I have been an owner of BAD for quite some time now. It appears to be struggling as of late however I cannot determine why. Perhaps it is simply overbought ..........does anyone else own this position?


----------



## fcyloh82 (Dec 2, 2013)

I do.
I'm also puzzled by the recent drop in share prices as of late, and would love the hear the thoughts of others.

I've wondered if the recent weaker economic growth numbers coming from Canada and the States have anything to do with this.


----------



## PatInTheHat (May 7, 2012)

I was getting all excited as BAD has been on such a crazy run that I have never had a chance to initiate a position.

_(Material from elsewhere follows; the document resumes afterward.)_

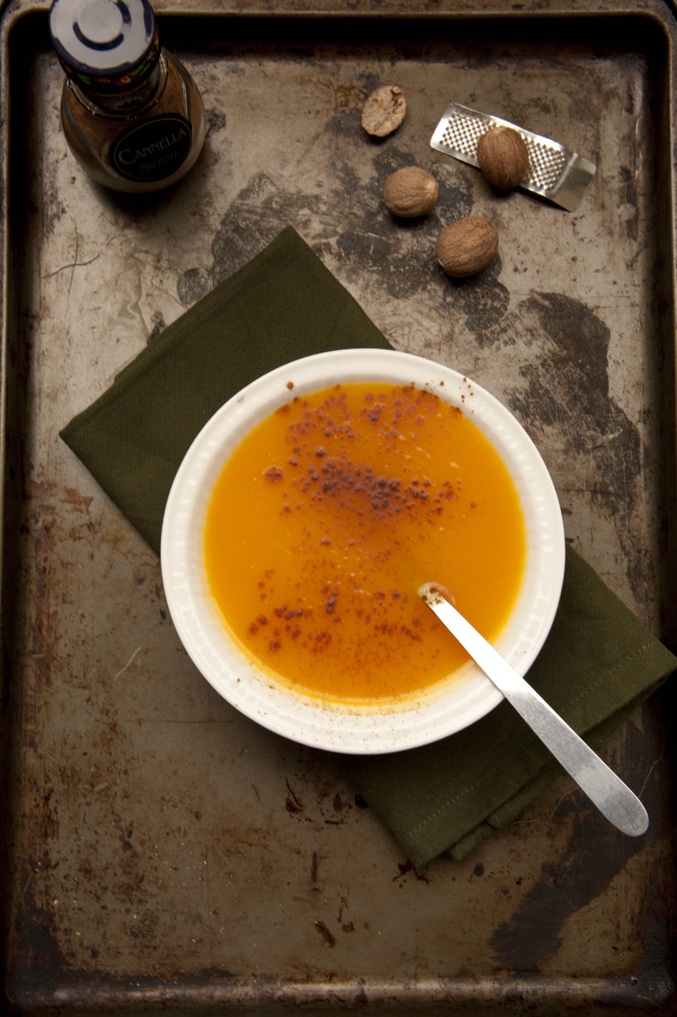 Far soffriggere la cipolla in poco olio e quando sarà bella morbida e appassita, aggiungere la zucca tagliata a pezzetti. Io l’ho avuta intera e bella grande e lunga e mi hanno consigliato (il Signor Pino) di tagliarla prima a metà orizzontalmente e poi di proseguire tagliando le due parti ottenute verticalmente (banalmente: l’ho tagliata in 4 parti). Era piuttosto dura, quindi ho rischiato la vita, ma ne è valsa la pena: dentro era bellissima e di un colore magnifico. Ho preso una delle 4 parti e l’ho tagliata a fette più sottili alle quali ho poi potuto togliere la buccia abbastanza facilmente (come avrei fatto per pulire un melone). Aggiungere subito anche la patata in pezzi, lavata e sbucciata. Ho lasciato insaporire il tutto per qualche minuto e poi ho aggiunto un bicchiere di brodo. Una volta che zucca e patata si sono cotte (circa 30 minuti), ho frullato il tutto con il minipimer, scegliendo la consistenza per me ideale allungando la crema con il latte. A questo punto ho salato e pepato e aggiunto una grattata abbondante di noce moscata. Infine una spolverata di cannella (quest’ultima direttamente nel piatto in cui ho servito la crema, se piace). Ovviamente va a nozze anche con il formaggio grattugiato o dei crostini… ma ho risparmiato calorie.

I was unhappy to find out it is barely lower then where it was 1 month ago. It does appear over sold at these levels but still too expensive for me.


----------



## fcyloh82 (Dec 2, 2013)

Pat, it might make you even more unhappy knowing that it popped more than 5% from today's open.


----------



## PatInTheHat (May 7, 2012)

fcyloh82 said:


> Pat, it might make you even more unhappy knowing that it popped more than 5% from today's open.


No surprises there hah. This one has legs forever. Like ACQ it appears I will never have a chance to own it


----------



## Time4earlyretirement (Feb 21, 2014)

BUMP

Is now a good entry point?


----------



## RParks (Sep 25, 2012)

Time4earlyretirement said:


> BUMP
> 
> Is now a good entry point?


Jason Donville gave it a 'don't buy' on bnn. He said to buy DEE instead which has a good chart.

I bought into BAD early in the pullback just under $38. So down about 6% at the moment. 

Keith Richards made the comment awhile back that he doesn't understand why two guys and a truck couldn't replicate the business. I guess that would be LSI whose trucks look identical.

Perhaps you would be interested in something like FFM or CEB. I think there's a lot of upside to these names if you're willing to invest in smaller companies.


----------



## Time4earlyretirement (Feb 21, 2014)

This thing has taken a beating this year, anyone have a point of entry?


----------



## Killer Z (Oct 25, 2013)

Happy to see this one jump up today but having difficulty determining what prompted the spike. Anyone have any information here?


----------



## Bear2Bull (Nov 11, 2013)

Anyone know whats going on?


----------



## Bear2Bull (Nov 11, 2013)

Apparently margins got squeezed in their western Canada and US operations


----------



## Killer Z (Oct 25, 2013)

So bizarre, it was hiking up over the past few days and then just a huge collapse ......


----------



## Killer Z (Oct 25, 2013)

Back up over 10% ......talk about volatile.


----------



## Killer Z (Oct 25, 2013)

Nice little uptick today .....almost 10%. This stock needed it.


----------



## Killer Z (Oct 25, 2013)

Up 17% today on a very solid Q3 earnings.


----------



## Killer Z (Oct 25, 2013)

Big surge for Badger, but cannot find any news. Any ideas?


----------



## GoLong (Feb 21, 2015)

Killer Z said:


> Big surge for Badger, but cannot find any news. Any ideas?


Don't follow the stock but they released earnings today


----------



## janus10 (Nov 7, 2013)

I saw some analyst on BNN touting this very recently. I had an alert if this got below $26. I haven't bought in yet, but it is below $25. Not a lot of analyst coverage on it. I'll keep looking at this to initiate a position.


----------



## fstamand (Mar 24, 2015)

Anyone know what happened to this stock ?


----------



## doctrine (Sep 30, 2011)

Renamed to Badger Infrastructure Solutions, ticket BDGI on TSX.


----------



## fstamand (Mar 24, 2015)

Got it, thanks


----------